2.5. Data processing of metagenomic sequences

In Ion Proton reads, artificially duplicated sequences were removed using replicate filter if any sequences have a similarity of ≥95% identity to other sequences with identical starting position. Human-derived reads were removed by mapping them to the human genome (HG19) with Newbler. Finally, low-quality reads with average QV < 20 or < 75 bp were removed. For MiSeq reads, low quality bases (QV < 20) at the 5ʹ end of reads were trimmed. Reads in which more than half of bases are QV < 20 and reads of which the length was < 50 bp were filtered out. These procedures were done using FASTX-Tool kit. The filter-passed reads were mapped to the human genome using bowtie2 and the mapped reads were also removed. Reads derived from phiX were also mapped to the phiX genome and the mapped reads were removed.

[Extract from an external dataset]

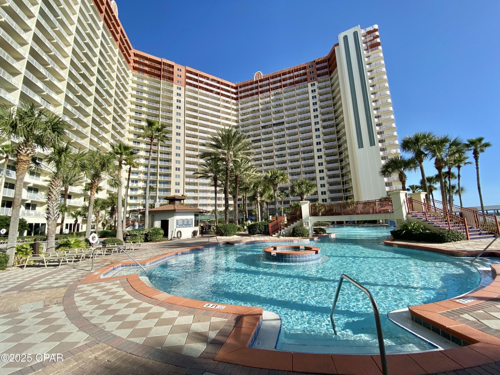 AMAZING VIEWS FOR MILES! 23rd Floor Gulf Front Penthouse Condo in Shores of Panama. You won't find better views and large balcony for this price! This Top Floor Penthouse unit sleeps 6 and has one full bedroom and bath, bunk room and bath, spacious living room/dining area and modern kitchen. Kitchen has granite countertops, stainless steel appliances, updated cabinets and is fully stocked for the upcoming rental season. Also comes Fully Furnished so turnkey ready to go! Lush Landscaping, Dolphin Fountains and pool space galore! Shores of Panama is a 23 story Tuscany style condominium. The complex offers amenities including around 500' feet of Gulf frontage, 14k square foot Gulf-side, zero entry gulf side pool, hot tub, heated indoor pool & hot tub, covered on-site parking garage, fitness center, two full-service bars serving lunch and dinner, beach events and rental services, high-speed internet access, and more! Buyer and Buyers agent to verify all dimensions and anything deemed important.

The high-quality reads were then assembled into contigs by using the Newbler algorithm (v.1.1.03, provided with the GS FLX sequencer). Gene prediction was performed using MetaGeneAnnotator³⁰ with the –m option for multiple species. The nucleotide sequences of predicted genes were clustered using cd-hit-est v.4.6 with a ≥95% sequence identity and ≥90% coverage. The clustered gene sequences were then translated to proteins using the NCBI translation table 11. Functional annotation of the predicted proteins was performed using BLASTP v.2.2.25 against KEGG database with an E-value 1e-5. We mapped 100 K high-quality reads onto the non-redundant gene set using bowtie2 to obtain the quantified functional composition in each sample. Also, we quantitatively evaluated the microbial composition by mapping 100 K high-quality reads onto the reference genomes under the conditions described previously.³¹

2.6. Periodicity discrimination method (PDM)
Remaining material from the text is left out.